EXERCISE DESCRIPTION
Please print nothing but the lines from the one with "연구팀은 금나노막대와 형광" to the last line of the records below, and omit pictures.

Extracted data entries

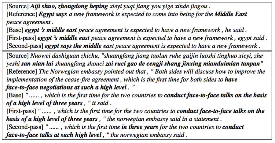 (1)神经机器翻译(NMT),即使用神经网络来将源语言的句子翻译到目标语言[1, 33, 32, 34]。标准的 NMT 模型由一个编码器(用于编码源句子)和一个解码器(用于生成目标句子)组成,因为可以使用我们提出的推敲网络加以改善。在 WMT' 14 [29] 英语→法语数据集上基于广泛应用的单层 GRU 模型[1] 上实验结果表明:相比于没有使用推敲的模型,使用推敲可以将 BLEU 分值[17]提升 1.7。我们还在汉语→英语翻译上应用了我们的模型,并且在 4 种不同的测试集上平均实现了 1.26 的 BLEU 提升。此外,在 WMT' 14 英语→法语翻译任务上,通过将推敲应用于深度 LSTM 模型,我们实现了 41.50 的 BLEU 分值,这个成绩是这一任务的全新纪录。
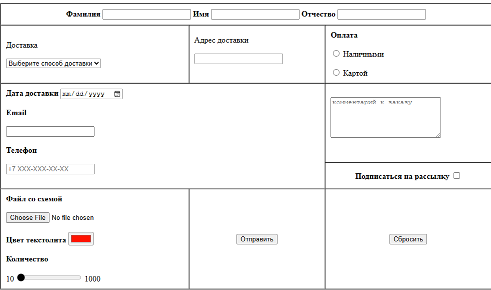 Главная » Учебные материалы » WEB-технологии » Домашние задания » ИДДО НИУ «МЭИ» » Несколько классов/семестров » Номер КМ-1 » Вариант 30 » КМ-1. Основы языка разметки HTML - элементы форматирования html-страницы, таблицы, фреймы, формы. Вариант 30 Доставка
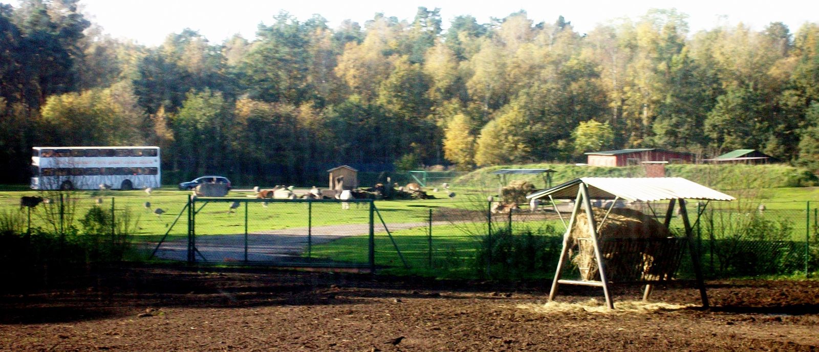 Busse und Autos fahren im Schritttempo durch die Gehege
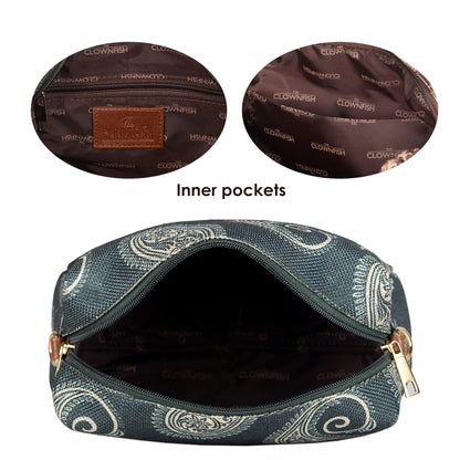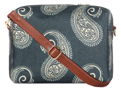 Introducing THE CLOWNFISH Isla Printed Handicraft Fabric Crossbody Sling Bag, designed for the modern woman who appreciates both aesthetics and practicality. This sling bag, embellished with a light green geometric design, is the ideal accessory for casual outings, parties, or daily travel.
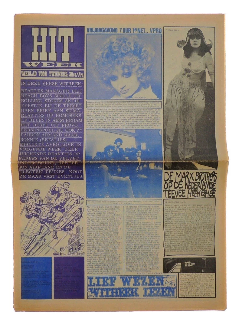 You could say Hitweek was the Dutch version of the UK International Times. For the first year it was only available in Amsterdam between 1965 - 1966 but later distributed in other cities. HITWEEK was "THE" magazine for hippies & alternative types and promoted the underground scene with articles and pictures of popular or obscure US, UK and Dutch R&B, Beat & psychedelic groups. Hitweek printed some great psychedelic artwork during 1967-1969. By 1969 Hitweek had been renamed Aloha.
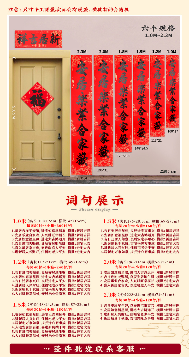 | 2.3m jirianju niannianhao, liangchen enters the house, and the new house is lucky (real length 223 * 34cm)(2.3m吉日安居年年好,良辰进宅事事兴 新居吉祥(实长223*34CM)) | USD $2.48 | 10303 pay available |
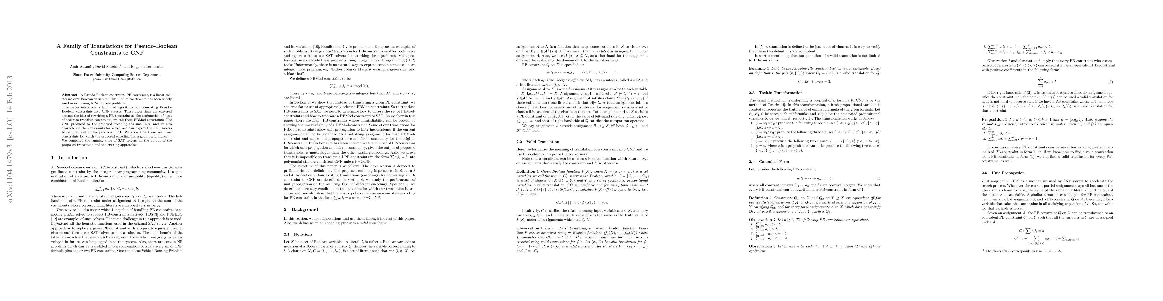 This paper presents a two-step method to translate Pseudo-Boolean constraints into CNF formulas for SAT solvers, achieving smaller CNFs and better performance in unit propagation. The method first rewrites PB constraints into PB-Mod constraints, then converts these into CNF, showing improved SAT solver performance for many types of constraints.
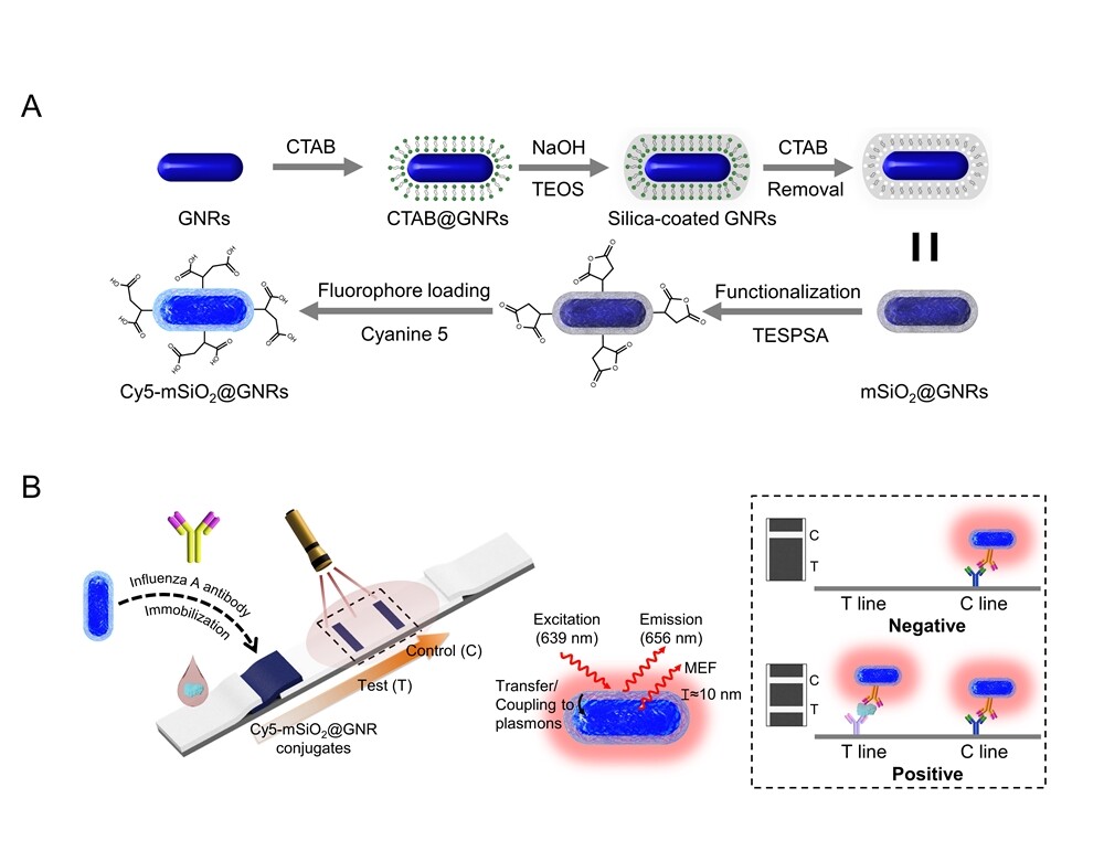 연구팀은 금나노막대와 형광 발광체의 거리를 조절해 형광 신호를 획기적으로 향상시킬 수 있는 최적의 금속증강형광 현상 조건을 찾아 항원진단 기술에 적용해 인플루엔자 바이러스의 검출 정확성을 높였다.
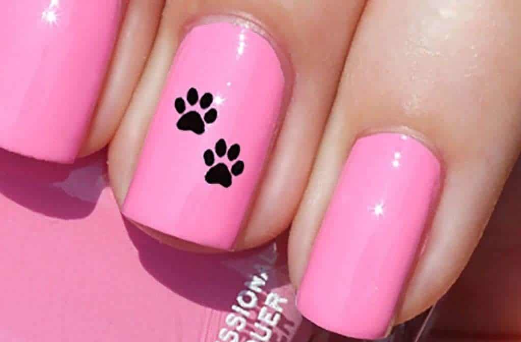 С лапками. Оригинальный вариант маникюра с котиками, суть которого состоит в создании рисунков в виде следов от лапок, которые могут размещаться на ногтях, как в качестве основного декора, так и в “дуэте” с самими кошками. Делается такой дизайн преимущественно на однотонной белой или же других контрастных по отношению к декору тонах подложке.
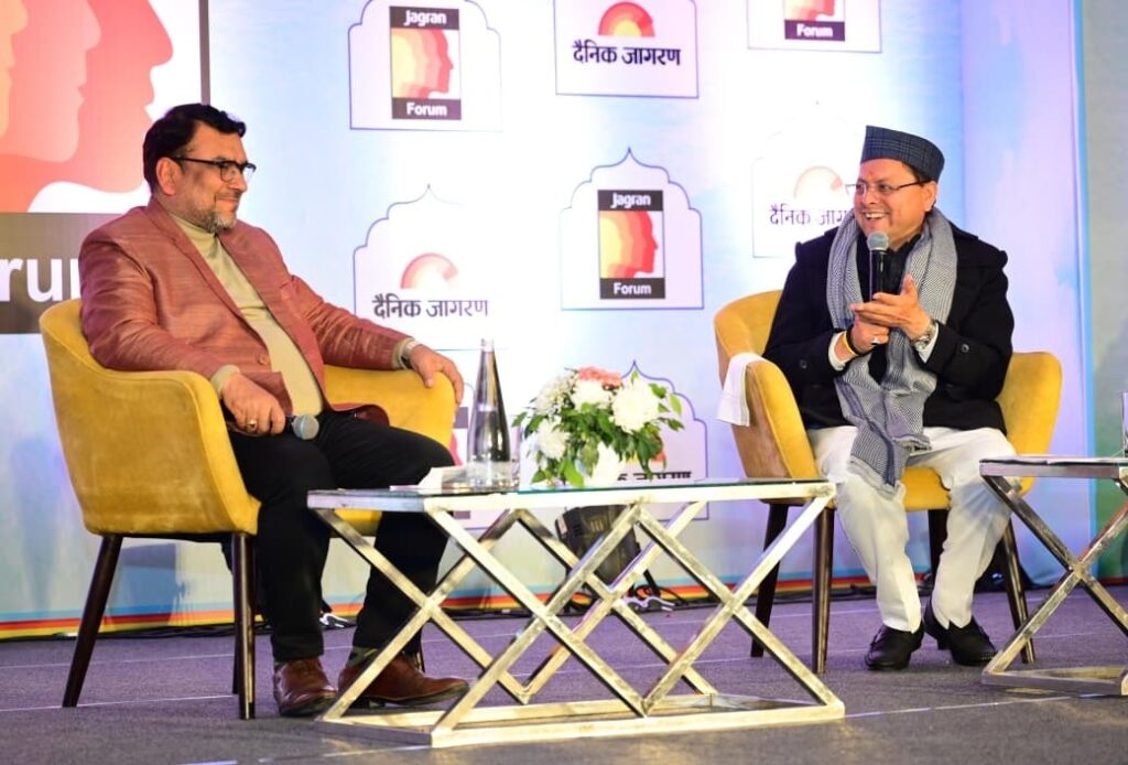 मुख्यमंत्री पुष्कर सिंह धामी ने आज दैनिक जागरण समूह द्वारा आयोजित प्रतिष्ठित “जागरण फोरम” संवाद कार्यक्रम में प्रतिभाग किया । “उत्तराखण्ड : संभावनाओं का नया द्वार” विषय पर आयोजित इस कार्यक्रम में मुख्यमंत्री ने राज्य सरकार द्वारा अब तक लिए गए ऐतिहासिक और दूरदर्शी निर्णयों पर विस्तार से जानकारी साझा की । उन्होंने न केवल सरकार की नीतियों और निर्णयों की पृष्ठभूमि स्पष्ट की, बल्कि राज्य के भविष्य को लेकर सरकार की स्पष्ट सोच और प्रतिबद्धता को भी रेखांकित किया।

RESPONSE BELOW
 연구팀은 금나노막대와 형광 발광체의 거리를 조절해 형광 신호를 획기적으로 향상시킬 수 있는 최적의 금속증강형광 현상 조건을 찾아 항원진단 기술에 적용해 인플루엔자 바이러스의 검출 정확성을 높였다.
 С лапками. Оригинальный вариант маникюра с котиками, суть которого состоит в создании рисунков в виде следов от лапок, которые могут размещаться на ногтях, как в качестве основного декора, так и в “дуэте” с самими кошками. Делается такой дизайн преимущественно на однотонной белой или же других контрастных по отношению к декору тонах подложке.
 मुख्यमंत्री पुष्कर सिंह धामी ने आज दैनिक जागरण समूह द्वारा आयोजित प्रतिष्ठित “जागरण फोरम” संवाद कार्यक्रम में प्रतिभाग किया । “उत्तराखण्ड : संभावनाओं का नया द्वार” विषय पर आयोजित इस कार्यक्रम में मुख्यमंत्री ने राज्य सरकार द्वारा अब तक लिए गए ऐतिहासिक और दूरदर्शी निर्णयों पर विस्तार से जानकारी साझा की । उन्होंने न केवल सरकार की नीतियों और निर्णयों की पृष्ठभूमि स्पष्ट की, बल्कि राज्य के भविष्य को लेकर सरकार की स्पष्ट सोच और प्रतिबद्धता को भी रेखांकित किया।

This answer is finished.